4. The electroluminescent device according to claim 3, wherein the conductive element of each terminal extends through the insulative layer.

5. An electroluminescent device comprising:

a first transparent insulative substrate;

a first transparent electrode formed over the first insulative substrate;

an electroluminescent layer formed over the first electrode; a second electrode formed over the electroluminescent layer in opposed relation to the first electrode;

a transparent insulative layer formed over said second electrode;

a second insulative substrate formed over the insulative layer;

a plurality of registered light transmitting windows formed in the electroluminescent layer and the second electrode;

a plurality of light detecting element situated on a surface of the second insulative substrate in respective registry with the light transmitting windows;

a first terminal for connecting the first electrode to one side of a voltage supply, said first terminal including a portion of the first electrode extending laterally beyond the electroluminescent layer and the second electrode and situated on a surface of the first insulative substrate, a first conductive pad situated on a surface of the second insulative substrate in opposed relation with the first electrode portion, and a first conductive element electrically interconnecting the first electrode portion and the first conductive pad; and

a second terminal for connecting the second electrode to another side of the voltage supply, said second terminal including a portion of the second electrode, a second conductive pad Situated on the surface of the second insulative substrate in opposed relation with the second electrode portion and in laterally-spaced relation with the first conductive pad, and a second conductive element electrically interconnecting the second electrode portion and the second conductive pad.
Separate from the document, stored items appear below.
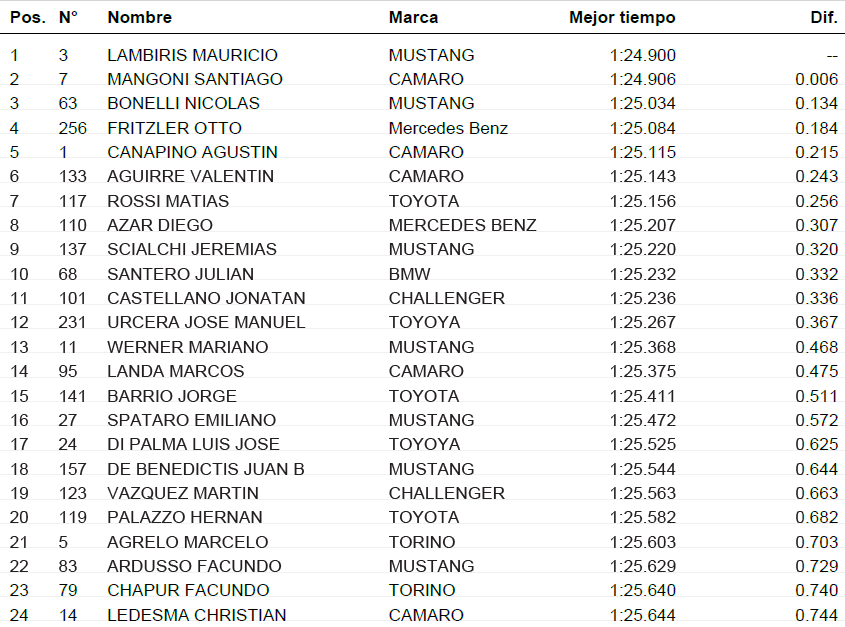El de Pilar consiguió su segunda pole en lo que va de la temporada. En su carrera 19 al comando este año del Ford Mustang, le robó el «uno» a Bautista Damiani, quien llegó a Entre Ríos como puntero de la etapa regular.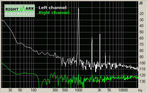 Измерения АЧХ и искажений в тестовом пакете RMAA 5.4 проводились с использованием профессиональной звуковой карты ESI Juli@ (неравномерность АЧХ в loopback в полосе 20 Гц — 20 Гц составляет -0.06, +0.05 дБ) и измерительного микрофона Behringer ECM 8000.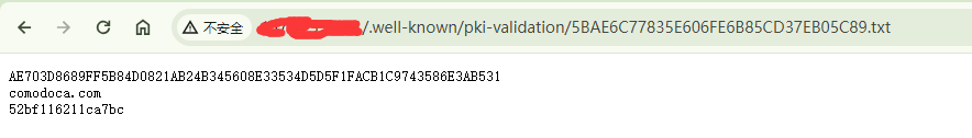 启用python的http服务,在浏览器里打开http://IP地址/.well-known/pki-validation/5BAE6C77835E606FE6B85CD37EB05C89.txt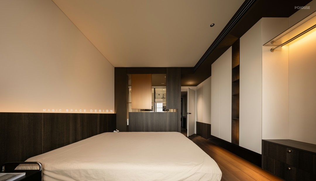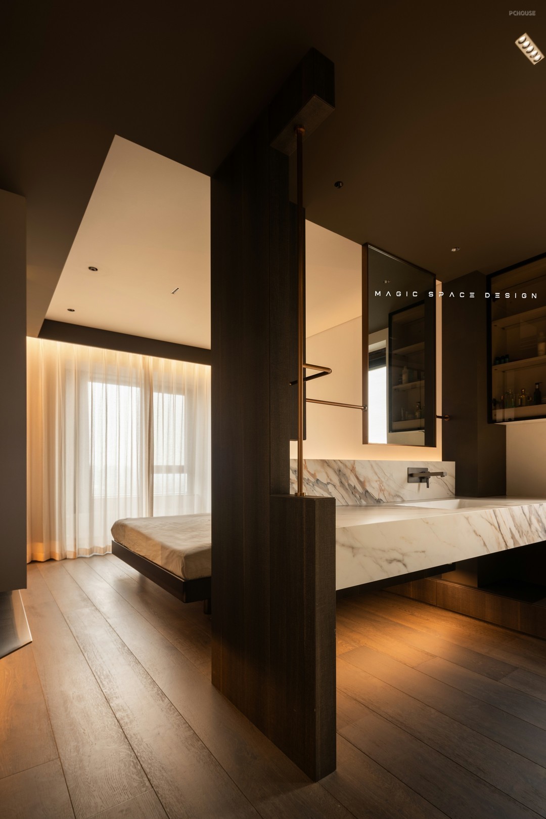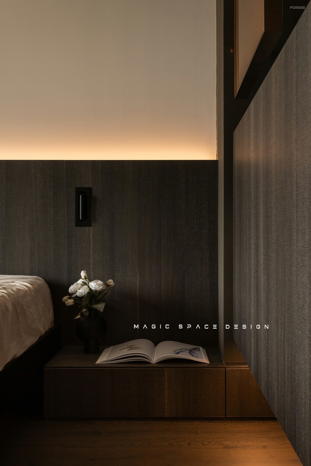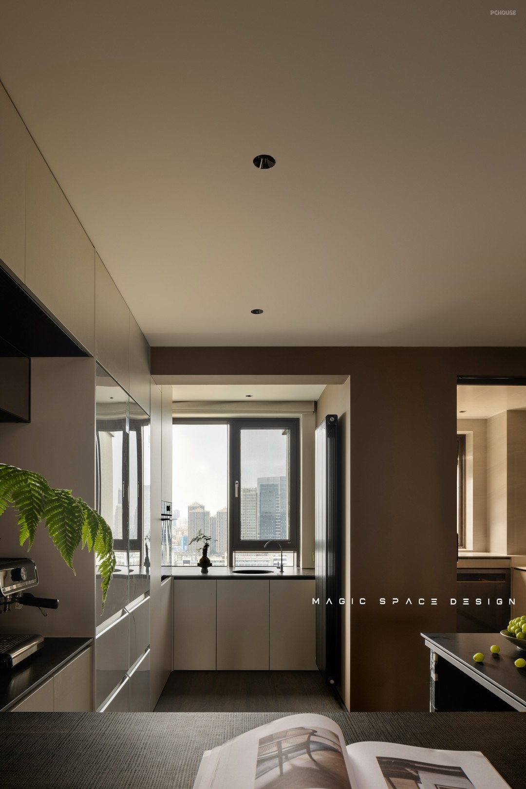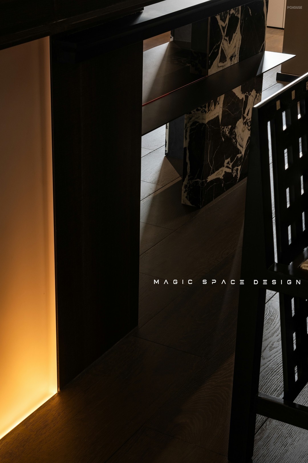 亚克力材质携手暖光调和了立柱的生硬感,吧台紧跟其上创造灵动而稳定的错落层次,为厨房划分出了多个透气图景。黑胡桃色家具,充满艺术美感。不同大小的镂空造型,对话细腻的编织肌理,彰显质朴感与纯粹感。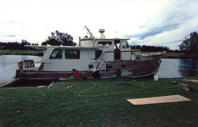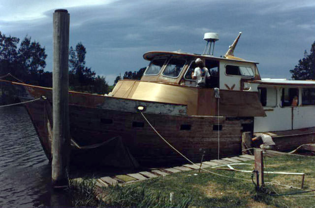 - Main stringer from bow to stern passing through engine room not thoroughly seasoned and suffers major cross sectional shrinkage this in turn causes side decks to collapse and trap water causing extensive rot.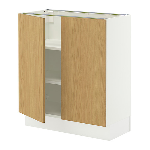 SEKTION base cabinet with shelves / 2 doors, white / Sinarp oak veneer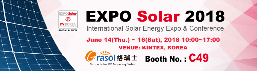 Xiamen Grace Solar Technology Co., Ltd. will participate in the International Solar Energy Exhibition in Seoul, South Korea on June 13, 2018. Exhibits include the classic Grace Solar roof support, aluminum alloy floor support, piling ground support.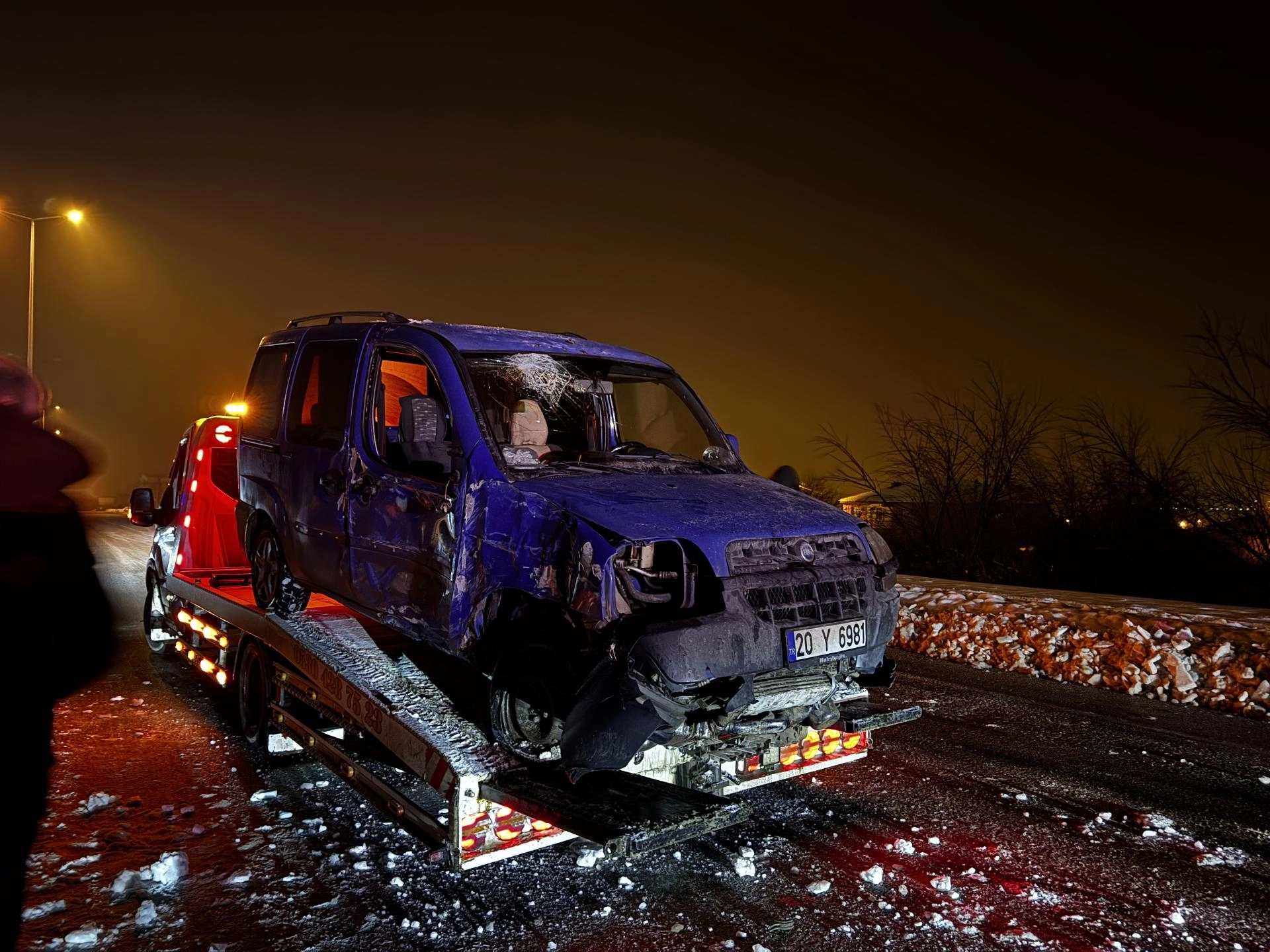 Yurtbaşı beldesi yolunda sürücüsünün kimliği henüz öğrenilemeyen 20 Y 6981 plakalı hafif ticari araç, buzlanmanın etkili olduğu yolda refüjdeki aydınlatma direğine çarptı.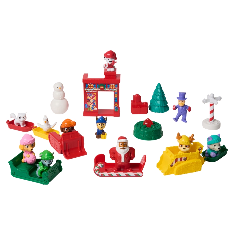 Кожне з 24 віконечок приховує інший сюрприз – від фігурок героїв таких як Чейз, Скай, Маршал, Зума, Рабл, Еверест чи Рокі, до додаткових елементів, що створюють повне життя, зимове містечко.

6. The electroluminescent device according to claim 5, wherein the second electrode portion is an extension of the second electrode extending laterally beyond the electroluminescent layer into a position situated on the surface of the first insulative substrate.

7. The electroluminescent device according to claim 6, wherein the first and second conductive elements extend through the insulative layer.

8. The electroluminescent device according to claim 5 wherein the electroluminescent layer and the second electrode are notched to accommodate extension of the first conductive element between the first electrode portion and the first conductive pad.